WORK TO COMPLETE
Look through the material below. Return exactly the lines from the one with "Elevate your team’s" through the one with "알카라스와 시너는 9일(금)", both included.

DATA TO PROCESS

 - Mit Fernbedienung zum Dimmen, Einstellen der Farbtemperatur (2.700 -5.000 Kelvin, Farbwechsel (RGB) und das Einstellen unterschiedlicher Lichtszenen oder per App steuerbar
* * *
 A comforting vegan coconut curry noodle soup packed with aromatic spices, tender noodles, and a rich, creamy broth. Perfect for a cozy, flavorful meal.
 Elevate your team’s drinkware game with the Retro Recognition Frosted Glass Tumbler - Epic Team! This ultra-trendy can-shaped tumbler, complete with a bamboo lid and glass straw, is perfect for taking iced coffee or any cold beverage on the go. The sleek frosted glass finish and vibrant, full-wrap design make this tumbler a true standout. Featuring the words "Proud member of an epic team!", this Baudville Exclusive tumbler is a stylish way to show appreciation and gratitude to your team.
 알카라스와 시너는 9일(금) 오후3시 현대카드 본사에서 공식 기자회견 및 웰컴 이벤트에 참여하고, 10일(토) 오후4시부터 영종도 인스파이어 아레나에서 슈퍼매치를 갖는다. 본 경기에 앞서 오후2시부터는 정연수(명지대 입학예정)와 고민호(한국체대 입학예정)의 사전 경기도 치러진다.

SOLVED EXERCISE
 Elevate your team’s drinkware game with the Retro Recognition Frosted Glass Tumbler - Epic Team! This ultra-trendy can-shaped tumbler, complete with a bamboo lid and glass straw, is perfect for taking iced coffee or any cold beverage on the go. The sleek frosted glass finish and vibrant, full-wrap design make this tumbler a true standout. Featuring the words "Proud member of an epic team!", this Baudville Exclusive tumbler is a stylish way to show appreciation and gratitude to your team.
 알카라스와 시너는 9일(금) 오후3시 현대카드 본사에서 공식 기자회견 및 웰컴 이벤트에 참여하고, 10일(토) 오후4시부터 영종도 인스파이어 아레나에서 슈퍼매치를 갖는다. 본 경기에 앞서 오후2시부터는 정연수(명지대 입학예정)와 고민호(한국체대 입학예정)의 사전 경기도 치러진다.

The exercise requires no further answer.